Predicting vertical ground reaction force (vGRF) from a single lower-back accelerometer during countermovement jumps using a dual Functional Principal Component Analysis (FPCA) representation and a simple MLP.
A simple MLP (~12K parameters) with FPC representation outperforms a transformer (~750K parameters). Signal representation, not model architecture, is the primary determinant of prediction quality.
| Dataset | Signal R² | JH RMSE (rRMSE) | PP RMSE (rRMSE) |
|---|---|---|---|
| No arm swing (72 val. trials) | 0.976 ± 0.002 | 4.2 ± 0.4 cm (10.3%) | 4.2 ± 0.4 W·kg⁻¹ (9.1%) |
| Arm swing (64 val. trials) | 0.964 ± 0.001 | 5.3 ± 0.5 cm (10.6%) | 5.6 ± 0.4 W·kg⁻¹ (10.3%) |
| Both conditions (144 val. trials) | 0.970 ± 0.001 | 4.3 ± 0.2 cm (9.8%) | 4.3 ± 0.2 W·kg⁻¹ (8.8%) |
JH = jump height; PP = peak power; rRMSE = relative RMSE (% of ground truth mean). Validated on 663 jumps from 67 participants with participant-level train/validation splits.

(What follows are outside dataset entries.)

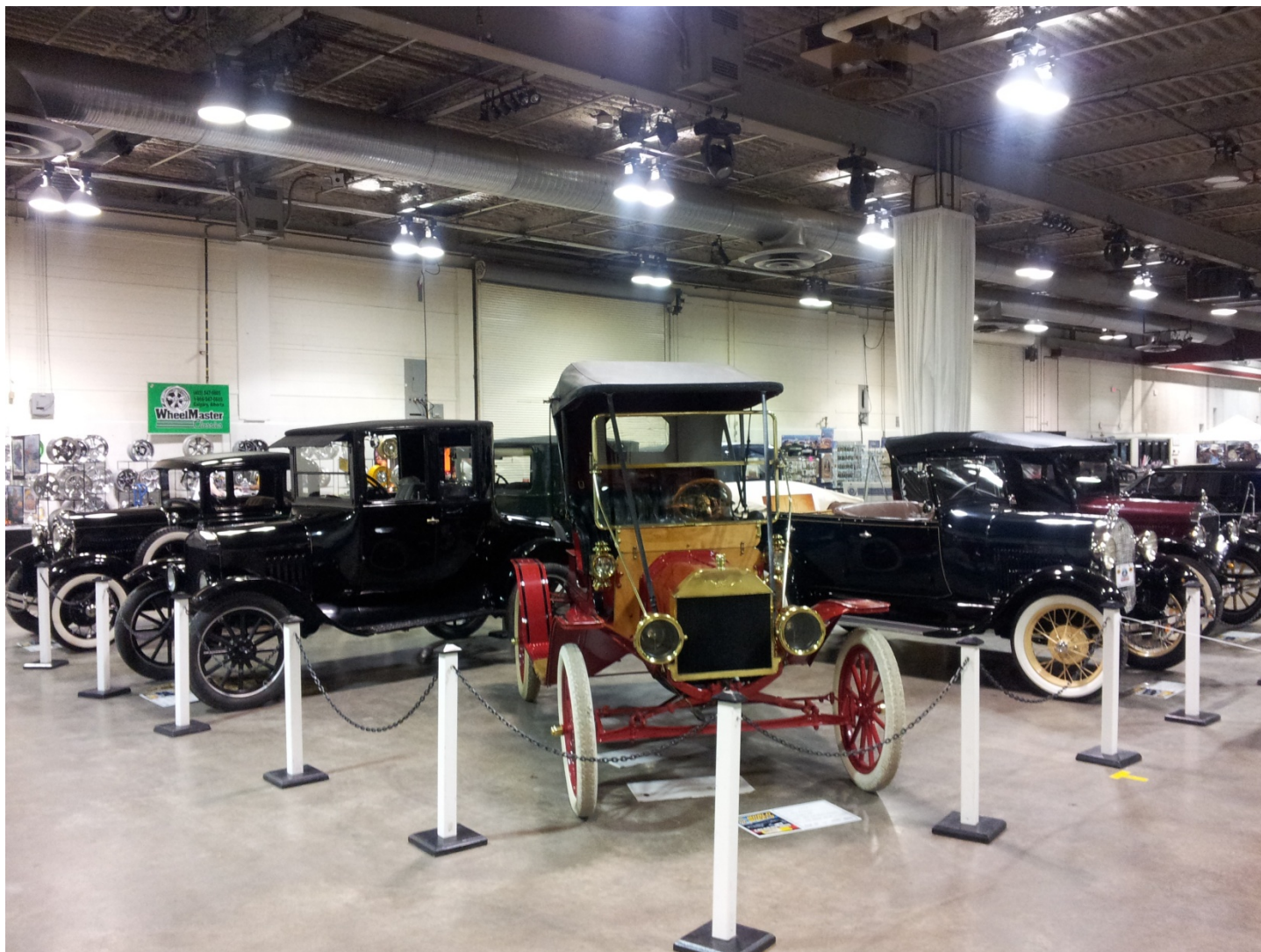
Our joint display at the World of Wheels 2013

T Footnotes is published 9 times a year by the Foothills Model T Ford Club, Calgary Alberta - Chapter of the Model T Ford Club of America. This newsletter is dedicated to the preservation, restoration, and enjoyment of Model T Fords by all Flivver enthusiasts. Opinions expressed in "T Footnotes" are those of the authors and are not necessarily those of the Foothills Model T Ford Club. Articles may be reprinted provided credit is given. All information is provided for your enjoyment and education only. No one associated with the T Footnotes can be held responsible for errors, omissions, or misinterpreted information even though all efforts will be made to ensure correctness of the articles.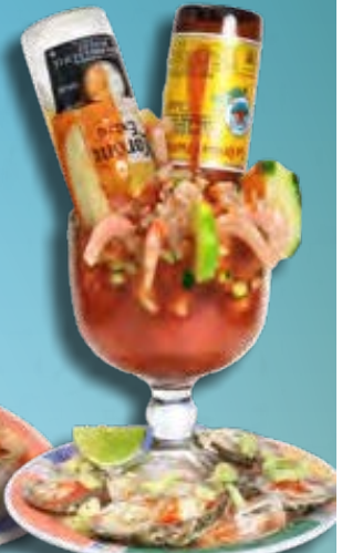
Novillero 18 99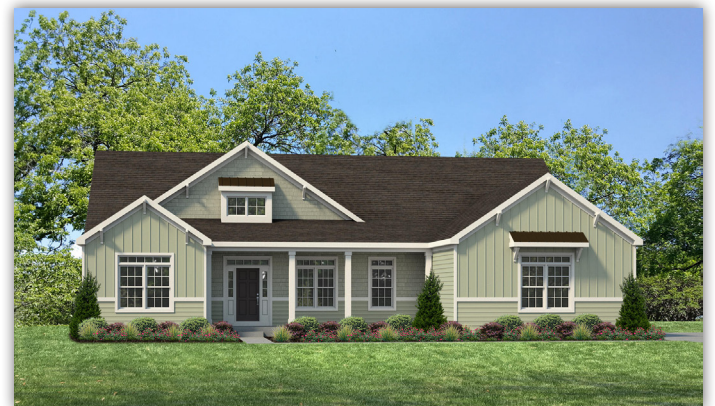
ELEVATION III OPTIONAL DORMER & OPTIONAL PAC CLAD ROOF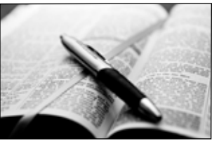
JUST A THOUGHT

I thank God for the blessings That His mercy has bestowed I'm drinking from the saucer 'Cause my cup has over-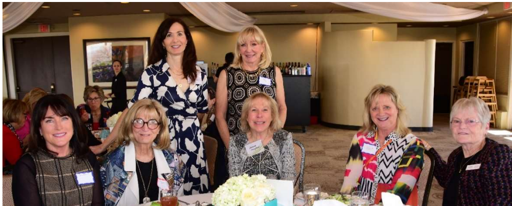
March Membership Luncheon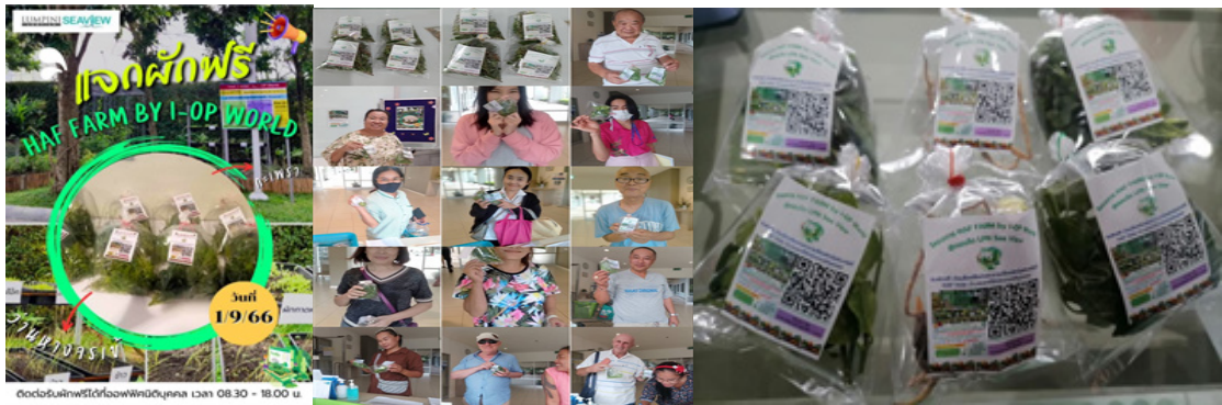
Figure 8. Activity in giving free vegetables for community members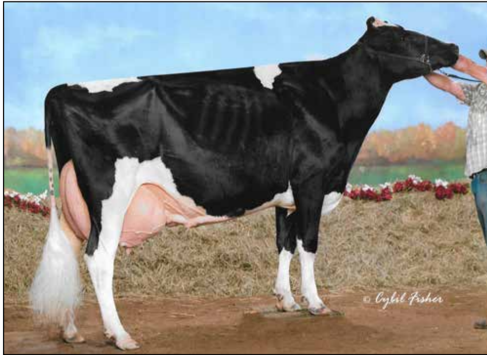
Willows-Edge Dur Michele-ET EX-94 3E 3rd dam of Lot 9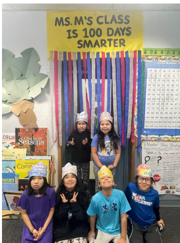
Second and third graders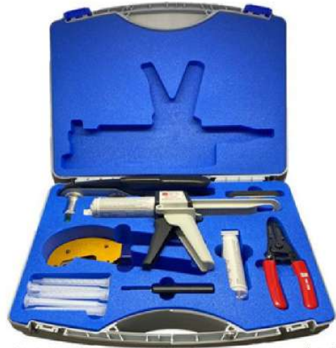
Shown above: CMCP600C-K Connector Tool Kit

Click here for the CMCP60C-K Connector Tool Kit data sheet!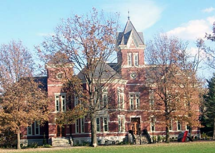
The Museum of Art and Archaeology is located in Pickard Hall on historic Francis Quadrangle, at the corner of University Avenue and South Ninth Street, on the University of Missouri-Columbia campus.

From the outside, Pickard Hall is one of the many majestic buildings on MU's historic Francis Quadrangle.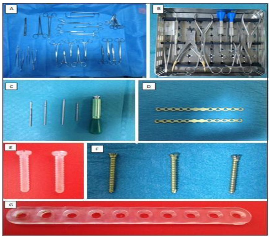
Figure 1. A: Surgical instruments used for routine operations, B: Mini titanium plate fixation tool set, C: Resorbable plate drill, diestock and screwdriver tool set, D: mini titanium plate, E: Resorbable screw, F: Mini titanium screw, G: Resorbable plate.

Selection of mini titanium plate and screw: 2mm mini titanium plate and screw set was used in the cases. 1 mm thick, 10 holes plates with 2 screw hole length space between 5<sup>th</sup> and 6<sup>th</sup> holes were specially manufactured (Trimed®, Trimed A.Ş, Turkey). A specially manufactured fixation set was used to implement plates and screws onto bones (Figure 1).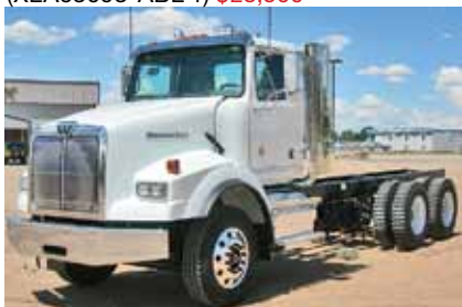
2012 Western Star 4900SA, Cummins ISX, 485 HP, 18 Spd, Tuff Trac Suspension, 4.30 Ratio, 227 in Wheelbase, 24.5 Tires, Aluminum Front Wheels, Steel Rear Wheels, New. (CPBL2661-FAR-1) $130,998

This project maps accelerometer signals to GRF curves, enabling force plate-quality biomechanical metrics (jump height, peak power) from a single wearable sensor. The approach uses:
- Functional Principal Component Analysis (FPCA) to represent both input (ACC) and output (GRF) signals as low-dimensional score vectors
- A simple MLP (single hidden layer) to learn the mapping between FPC scores
- Resultant acceleration input which is invariant to sensor orientation and outperforms triaxial input for the FPC representation
acc2grf_prediction/
├── data/
│ ├── cmj_dataset_arms.npz # Arms condition dataset (generated, not tracked)

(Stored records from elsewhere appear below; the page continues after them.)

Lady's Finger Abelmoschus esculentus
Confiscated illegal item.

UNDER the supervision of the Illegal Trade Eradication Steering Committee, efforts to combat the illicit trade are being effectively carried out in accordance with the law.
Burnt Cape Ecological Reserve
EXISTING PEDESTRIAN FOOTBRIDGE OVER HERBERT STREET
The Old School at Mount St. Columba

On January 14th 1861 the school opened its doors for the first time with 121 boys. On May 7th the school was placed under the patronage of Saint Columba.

│ ├── cmj_dataset_noarms.npz # No-arms condition dataset (generated, not tracked)
│ └── cmj_dataset_both.npz # Both conditions dataset (generated, not tracked)
├── src/
│ ├── __init__.py # Package initialization
│ ├── attention.py # Multi-head self-attention (legacy)
│ ├── transformer.py # Transformer model (legacy)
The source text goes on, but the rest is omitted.